**Exercise goal:**
Your answer must be a word-for-word copy of the listing below, minus its pictures.

**Raw data:**

---+---

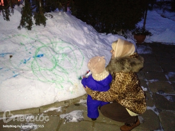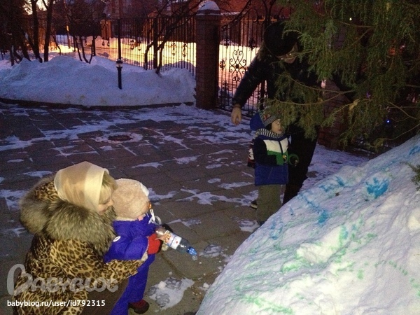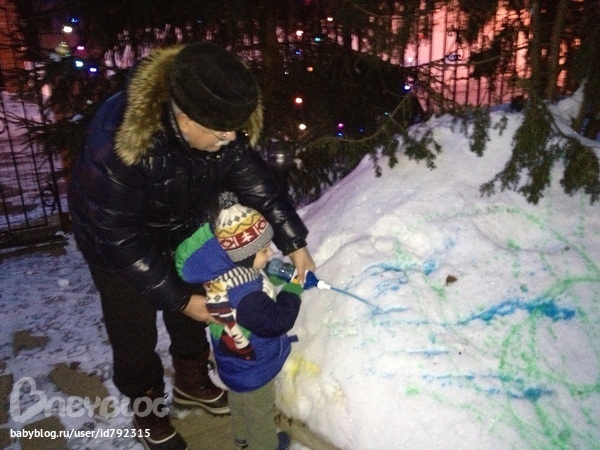 Потом мы пошли красить сугробы - Ванечка с дедом, Аннушка со мной, а папа фотал (хотя уже вечерело и фотки конечно так себе). Дети сначала не поняли, что это мама затеяла, а потом хотели еще ))
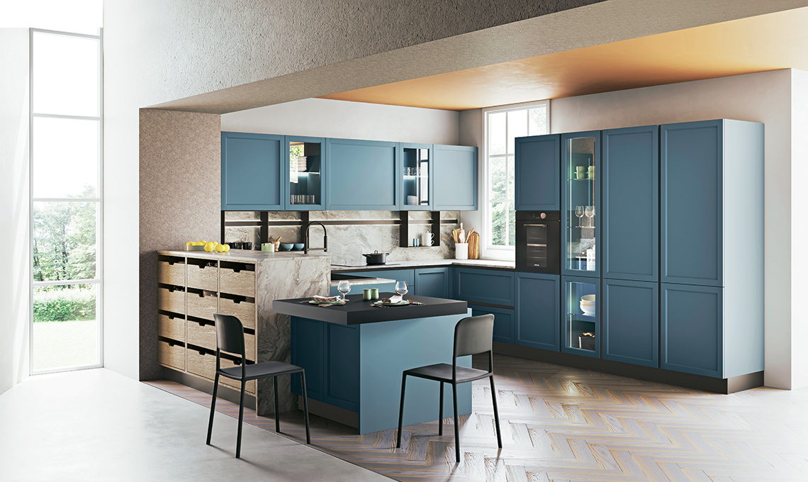 Se desideri un’ampia zona operativa è meglio avere l’isola con fuochi e lavello (minimo cm 90x 240), più un banco snack e una parete a colonne per il contenimento. Per aprire ante e cassetti, tra colonne e isola servono cm 120, tra isola e tavolo cm 90 e tra questo e il sofà cm 70.
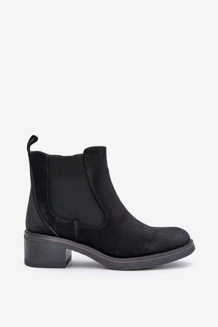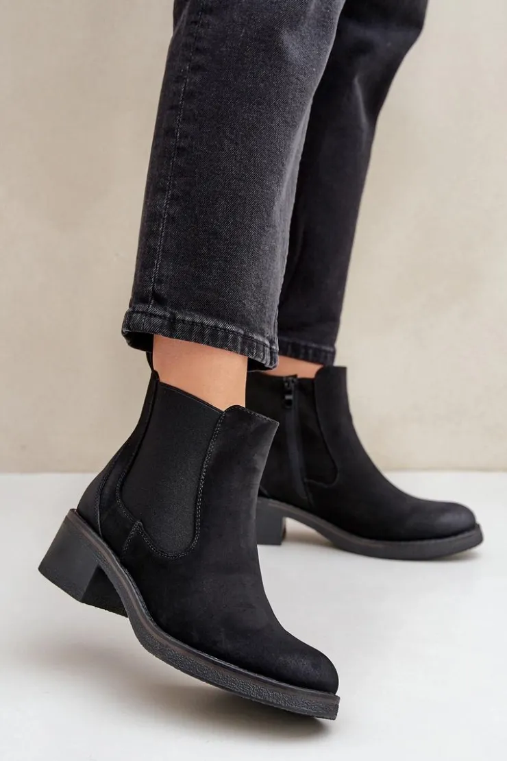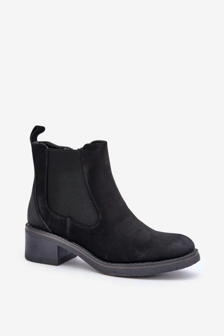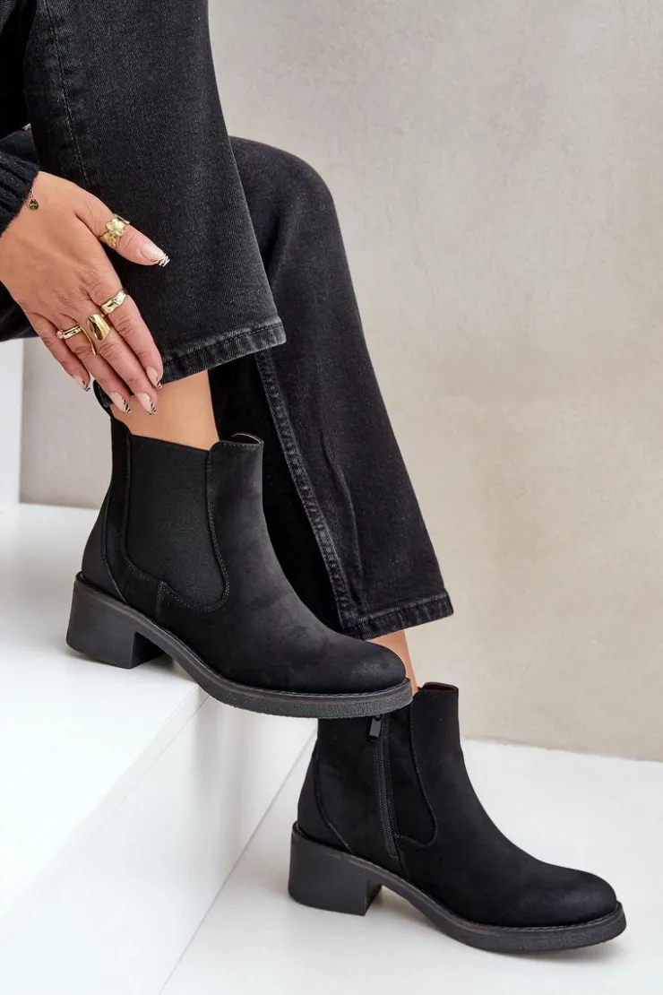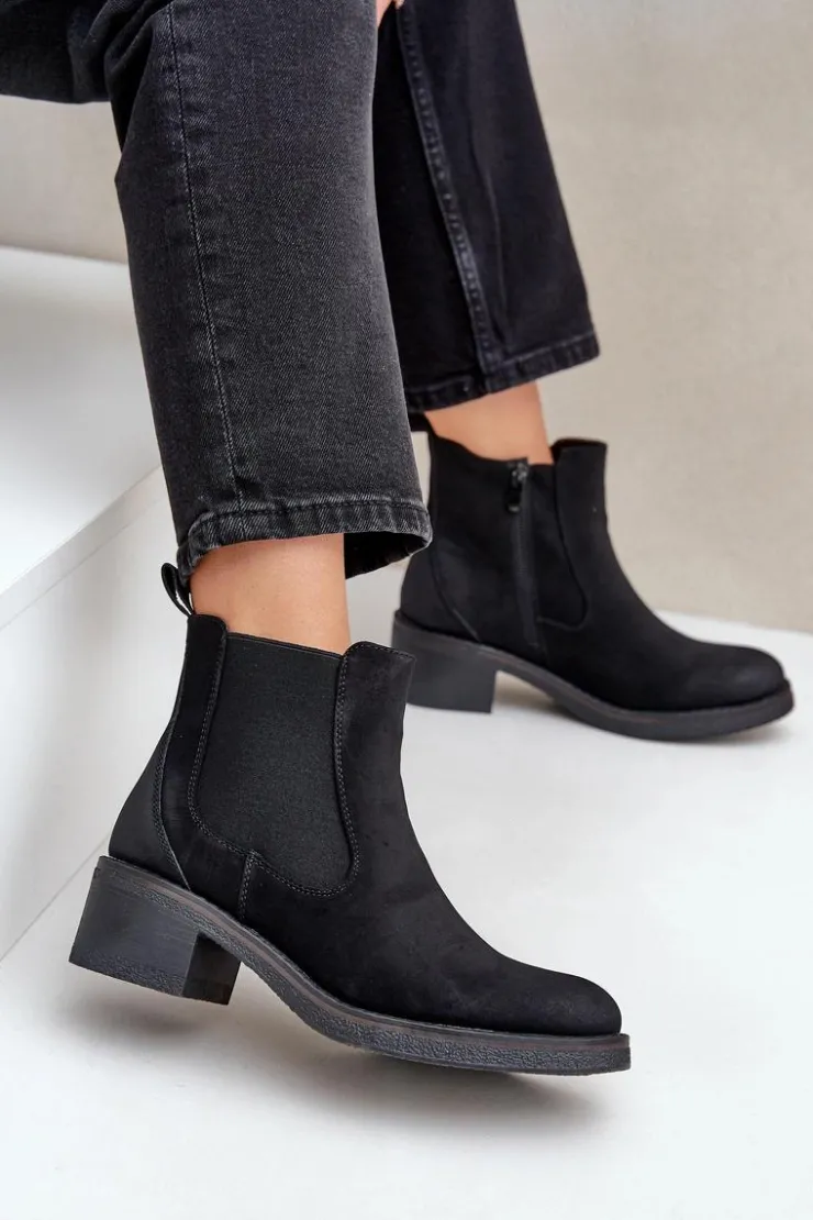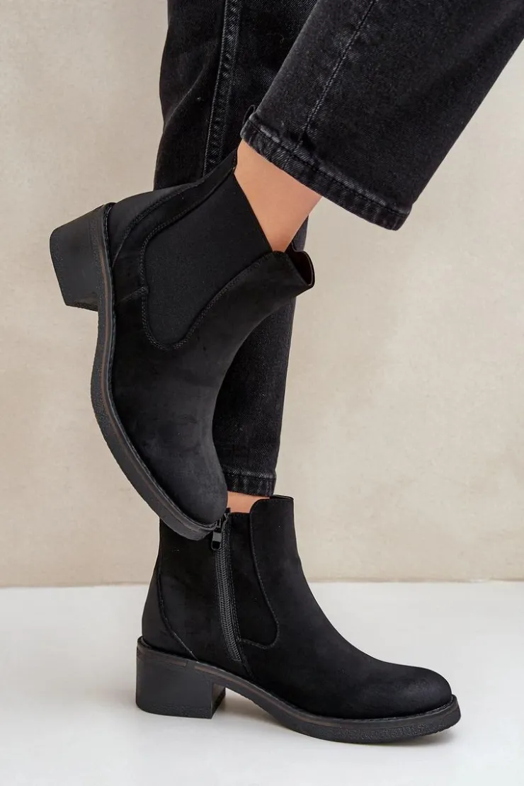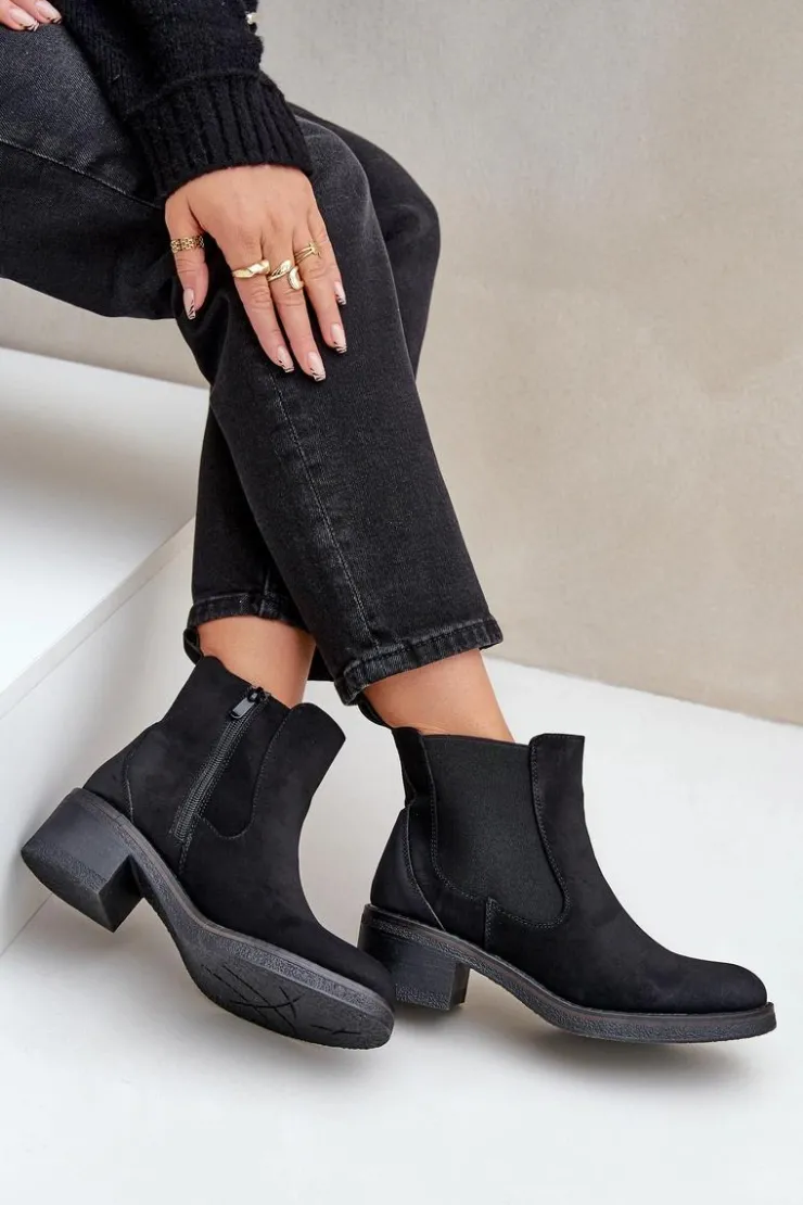 Outlet Boto Botki Damskie Sztyblety Ocieplane Niski Obcas Zamek Czarne Savalindra
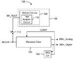 In an IIP2 calibration test mode, thetest adapter circuit110 is enabled and with the appropriatenative circuits108, a test RF signal is generated. This test RF signal is fed into the RFin node of thereceiver core102.

---+---

**Response:**
 Потом мы пошли красить сугробы - Ванечка с дедом, Аннушка со мной, а папа фотал (хотя уже вечерело и фотки конечно так себе). Дети сначала не поняли, что это мама затеяла, а потом хотели еще ))
 Se desideri un’ampia zona operativa è meglio avere l’isola con fuochi e lavello (minimo cm 90x 240), più un banco snack e una parete a colonne per il contenimento. Per aprire ante e cassetti, tra colonne e isola servono cm 120, tra isola e tavolo cm 90 e tra questo e il sofà cm 70.
 Outlet Boto Botki Damskie Sztyblety Ocieplane Niski Obcas Zamek Czarne Savalindra
 In an IIP2 calibration test mode, thetest adapter circuit110 is enabled and with the appropriatenative circuits108, a test RF signal is generated. This test RF signal is fed into the RFin node of thereceiver core102.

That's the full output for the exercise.